Historie

Die Werke Horst und Scholven in Gelsenkirchen wurden in den 30er-Jahren als Kohlehydrieranlagen gegründet. Heute bilden sie zusammen einen Raffineriestandort, der sowohl Mineralölprodukte als auch Vorprodukte für die petrochemische Industrie herstellt.

1935/1936 bis 1945: Kohlehydrierung

Die Gelsenkirchener Raffinerien Horst und Scholven sind nach den Stadtteilen benannt, in denen sie liegen. 1935 errichtet zunächst die Bergwerksgesellschaft Hibernia (eine Tochtergesellschaft der damaligen VEBA AG – heute E.ON) das erste Werk zur Kohlehydrierung in Scholven. Ein Jahr später wird die Gelsenkirchener Bergwerks-AG – die spätere Gelsenberg Benzin AG – gegründet, um Kraftstoffe für den Zweiten Weltkrieg zu produzieren. In den Jahren 1936 bis 1939 wird das Werk Horst errichtet. Beide Werke werden 1945 durch Bombenangriffe zerstört.

1950 bis 1974: Start von Rohölverarbeitung und Petrochemie

Nach dem Krieg beginnt zunächst in Horst (1950) und dann in Scholven (1952) die Verarbeitung von Rohöl. Kurze Zeit später werden die ersten Konversionsanlagen gebaut, die die Rückstände aus der Rohöldestillation zu hochwertigen Produkten umwandeln können. Anfang der 60er-Jahre folgt der Schritt in die Petrochemie. Bis heute produzieren wir Olefine, Aromaten, Methanol und Ammoniak.

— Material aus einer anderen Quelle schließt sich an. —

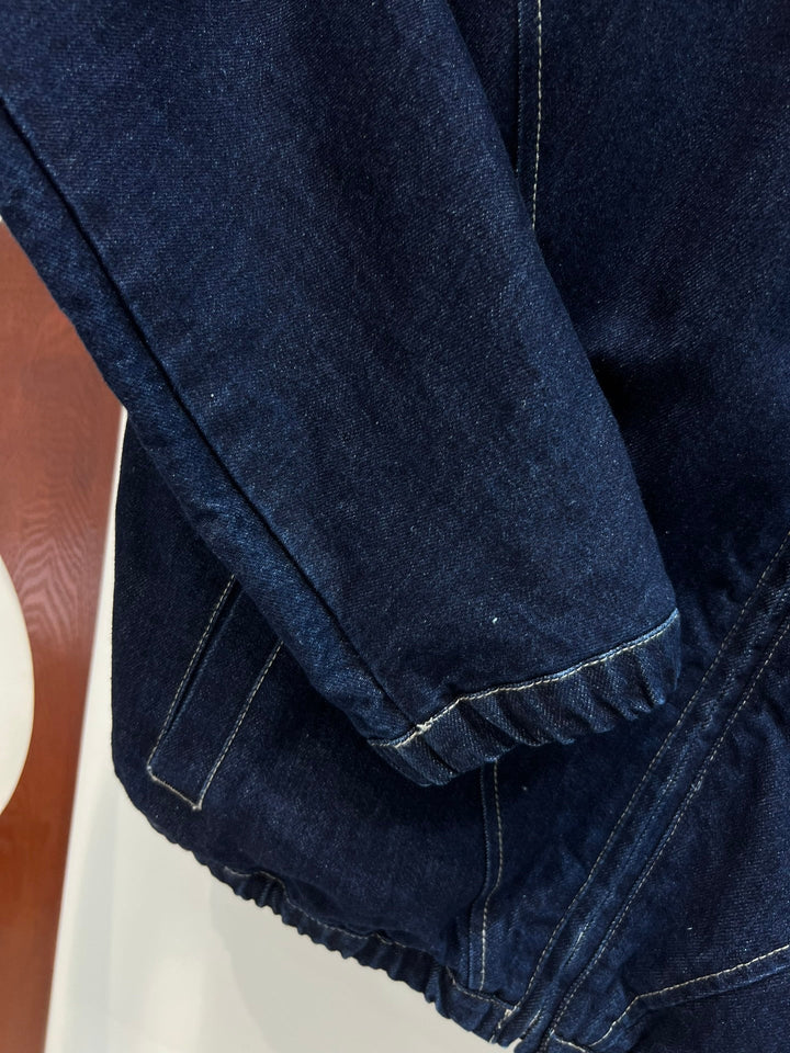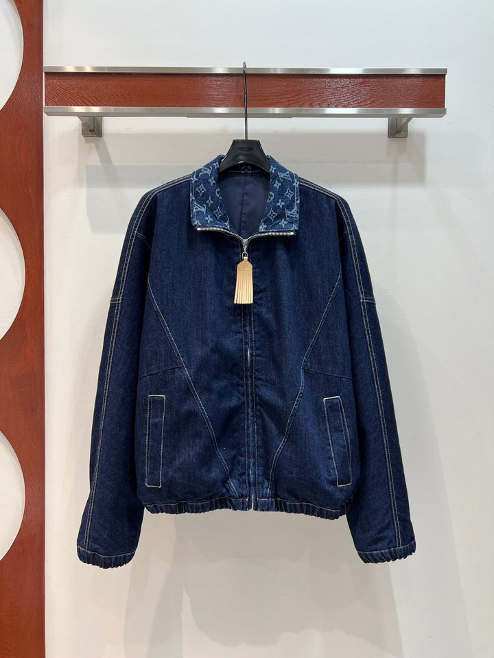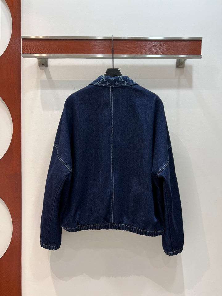 5 New Early Autumn Styles: Denim Zipper with Monogram Lapel. Slimming and Tall, Denim for All Ages. Comfortable touch comes from imported high-quality fabrics. Comfortable and soft. Crisp and stylish without sagging. Clean and neat lines. Every detail is just right. Dropped shoulder design for a loose fit. Spliced denim monogram jacquard lapel embellishment. The upper body is youthful and full of girlish feeling.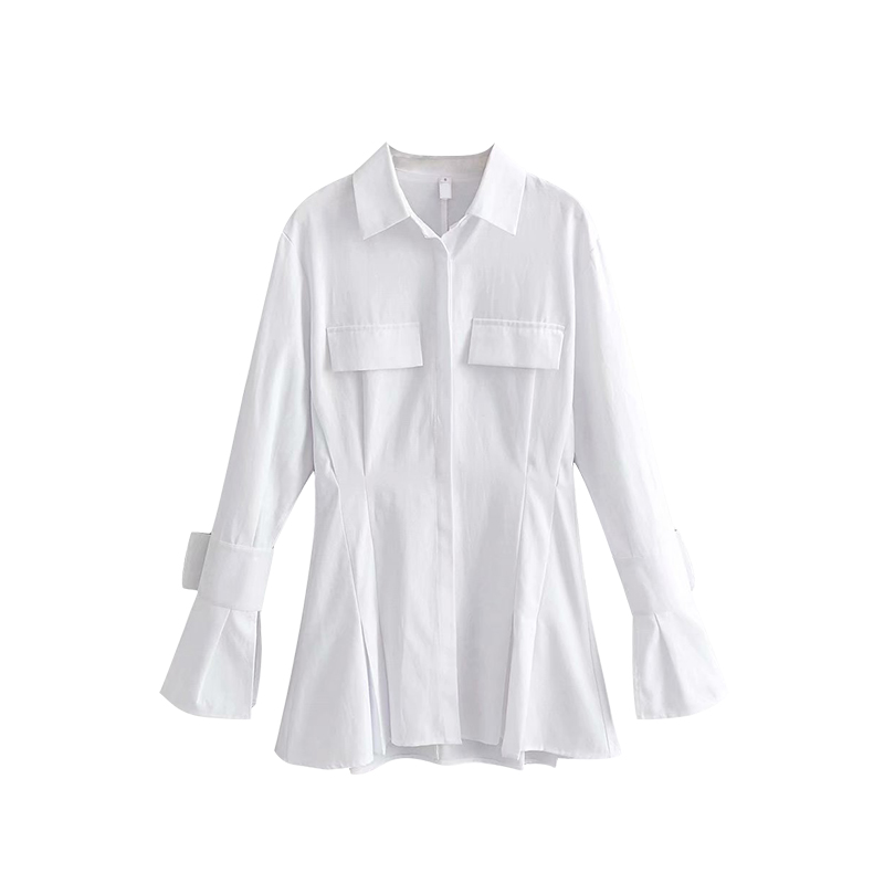 liviahome欧美ins辣妹褶皱收腰白色衬衫裙长袖连衣裙女小众设计感

1975 bis 1983: Vereinigung der Werke und Bildung eines Joint Ventures

1975 wird Gelsenberg von der VEBA AG übernommen. Die Werke Horst und Scholven gehören nun zu einem Konzern. Sie werden nach und nach auch produktionstechnisch miteinander verbunden. Anfang 1983 bringt Veba Oel – wie die Mineralöltochter der VEBA inzwischen heißt – die Werke Horst und Scholven in die gemeinsam mit der staatlichen venezolanischen Ölgesellschaft Petróleos de Venezuela S. A. gegründete Ruhr Oel GmbH ein. Beide Partner besitzen einen 50-prozentigen Anteil an diesem Unternehmen. Es ist die weltweit erste Kooperation zwischen einem Erdöl verbrauchenden und einem Erdöl fördernden Land. Die Betriebsführung der Ruhr Oel-Anlagen liegt bei Veba Oel.

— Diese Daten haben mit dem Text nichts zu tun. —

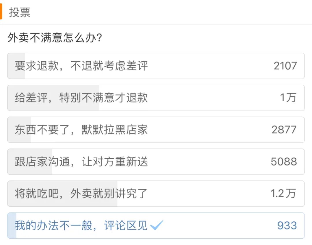 应该说,绝大多数点外卖的客户,对商家是比较宽容的。在1818黄金眼发起的一项有三万多人参与的网络投票中,近四成网友选择“将就吃吧,外卖就别讲究了”,三分之一选择了“特别不满意才退款”。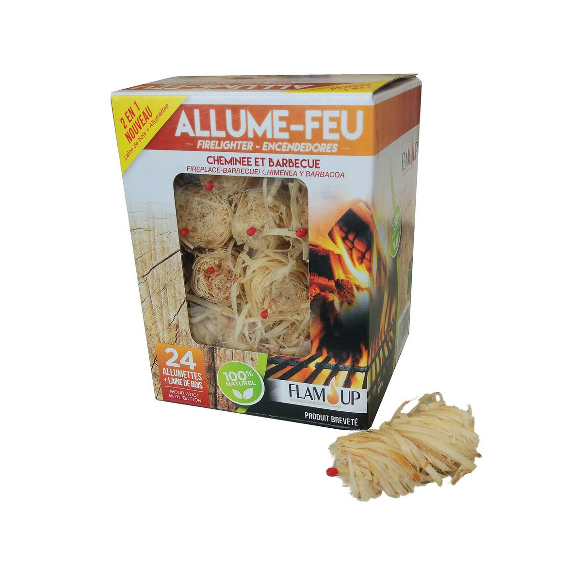 Allume-feu 100% naturel laine de bois + allumettes (boîte de 24)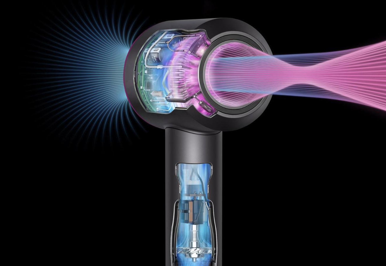 - Động cơ kỹ thuật số Dyson V9 nhỏ, mạnh mẽ quay với tốc độ lên tới 110.000 vòng/phút. Kết hợp với công nghệ Air Multiplier, nó tạo ra luồng khí có kiểm soát với áp suất cao, tốc độ cao, giúp sấy khô nhanh và tạo kiểu chính xác.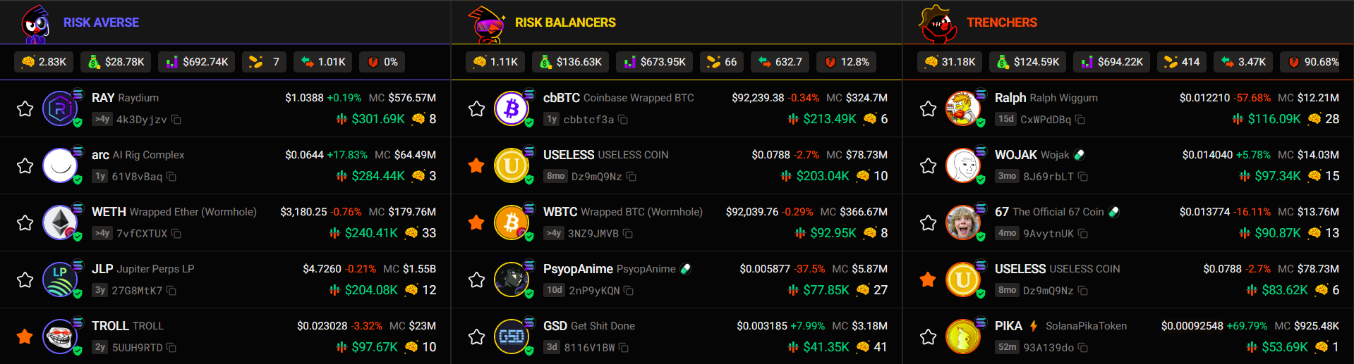 Important Note: Tokens in the Trenchers group do not necessarily mean high risk. It only means the token is actively traded by high-risk, high-reward traders.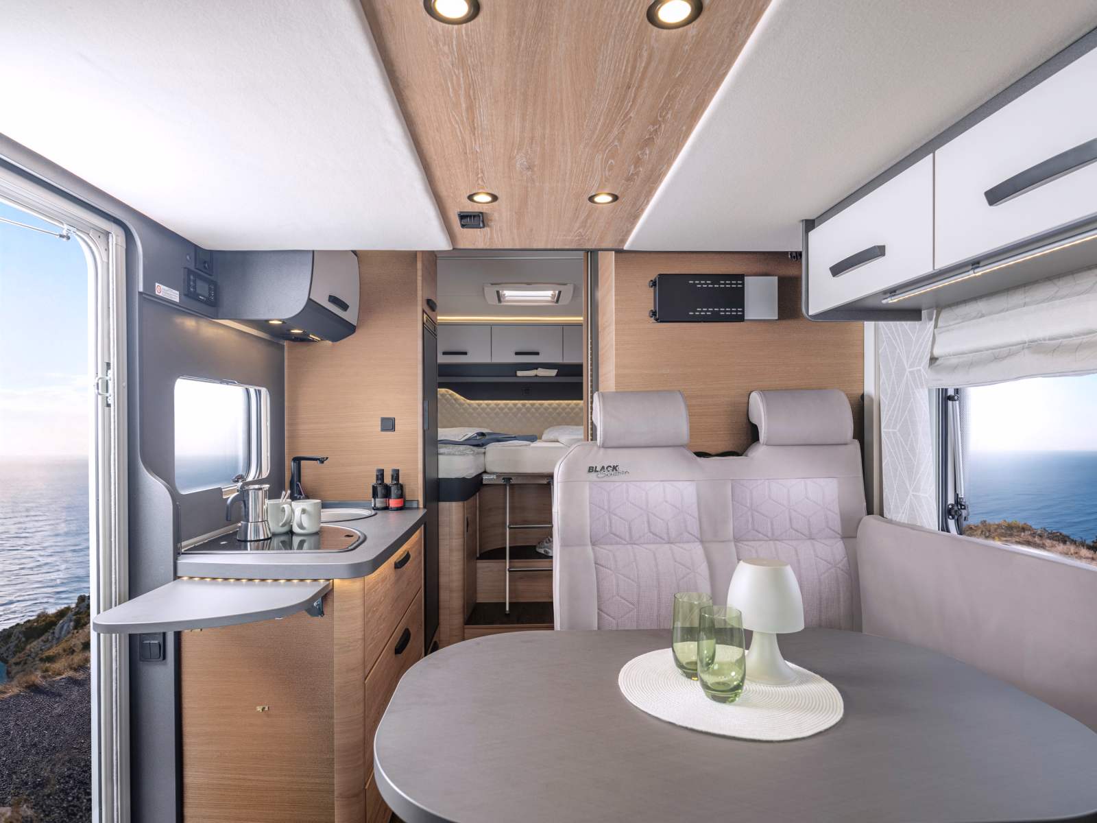 Comme son nom l’indique le Live Wave 650 MEG Black Selection adopte une cabine de couleur noir métallisé, qui contraste agréablement avec la cellule bicolore blanche et parois grises Campovolo parées de décos spécifiques. Un look haut de gamme parfaitement assorti à l’aménagement intérieur, dont le confort a été rehaussé pour cette série spéciale Black Selection.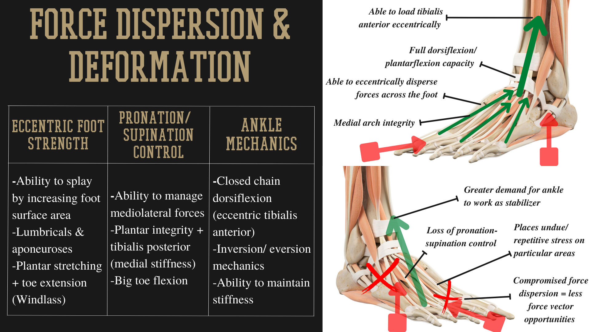 The foot is effectively the lock and key for kinetic integration and the foundation for force. If we are able to properly position and distribute pressure across the feet accordingly to the task at hand, we are fundamentally in a better position to have more complete kinetic integration up the chain. Another consideration is the rate at which force can be produced and tolerated when we are more grounded. The ability to properly eccentrically splay the foot is critical for sport performance. And a primary component to eccentrically splaying is having the requisite foot compliance to create more space to load through. Think about force interactions at the foot like a channel or a dam… narrow channel, higher force with less surface area to manage it. Wide channel, greater opportunity to evenly distribute volume or force. Ditch the shoes, watch force go up and soft tissue injuries go down.

1984 bis 1998: Kapazitätserweiterungen und Anlagenneubauten

In den 80er- und 90er-Jahren werden in den Anlagen der Ruhr Oel GmbH in Gelsenkirchen größere Erweiterungs- und Neubaumaßnahmen durchgeführt. In Scholven entstehen ein Hydrocracker und eine weitere Olefinanlage, in Horst wird die Kapazität des Cokers verdoppelt, eine katalytische Crackanlage samt Nebenanlagen in Betrieb genommen und eine neue Kalzinierung gebaut.

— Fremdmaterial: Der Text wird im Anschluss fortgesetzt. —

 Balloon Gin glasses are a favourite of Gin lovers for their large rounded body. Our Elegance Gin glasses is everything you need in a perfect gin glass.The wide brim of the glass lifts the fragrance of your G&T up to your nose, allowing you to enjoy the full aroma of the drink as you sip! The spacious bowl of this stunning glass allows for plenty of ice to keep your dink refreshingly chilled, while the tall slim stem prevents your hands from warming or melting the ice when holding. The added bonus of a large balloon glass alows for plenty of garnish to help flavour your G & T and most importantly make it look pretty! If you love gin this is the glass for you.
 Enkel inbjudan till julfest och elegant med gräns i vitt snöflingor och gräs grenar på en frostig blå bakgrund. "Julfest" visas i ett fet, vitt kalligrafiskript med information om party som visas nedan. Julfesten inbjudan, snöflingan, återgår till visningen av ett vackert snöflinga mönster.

1999 bis 2011: Umstrukturierung bei VEBA und Wechsel zum BP-Konzern

Im Zuge einer Dezentralisierung bei Veba Oel wird die Betriebsführung der Ruhr Oel-Anlagen einer selbstständigen Tochtergesellschaft, der Veba Oel Verarbeitungsgesellschaft mbH (VVG) übertragen. Nach Übernahme der Veba Oel durch BP wird die Betriebsführungsgesellschaft 2003 in BP Gelsenkirchen GmbH umbenannt. Im Oktober 2010 verkauft Petróleos de Venezuela S. A. ihren Anteil an der Ruhr Oel an das russische Mineralölunternehmen Rosneft.

BP Gelsenkirchen heute: Umweltfreundliche Innovationen

Seit Ende 2002 produzieren wir nahezu schwefelfreie Kraftstoffe und seit Anfang 2004 Kraftstoffe mit Biokomponenten wie Rapsmethylester. Durch die Herstellung der Hochleistungskraftstoffe Aral Ultimate 102 und Aral Ultimate Diesel sowie durch die Erzeugung von schwefelarmem Heizöl tragen wir zu einer weiteren Verringerung der Schadstoffemissionen im Straßenverkehr bei. Darüber hinaus sorgen wir durch Investitionen in die Produktionsanlagen für eine Senkung der Umweltbelastung. Zum Beispiel haben wir durch den Einbau neuer Öfen in eine Olefinanlage die Emissionen an Staub, Stickoxiden, Kohlendioxid und Kohlenmonoxid deutlich reduziert.

Seit 1. Januar 2017 ist BP alleiniger Eigentümer der Raffinerie Gelsenkirchen.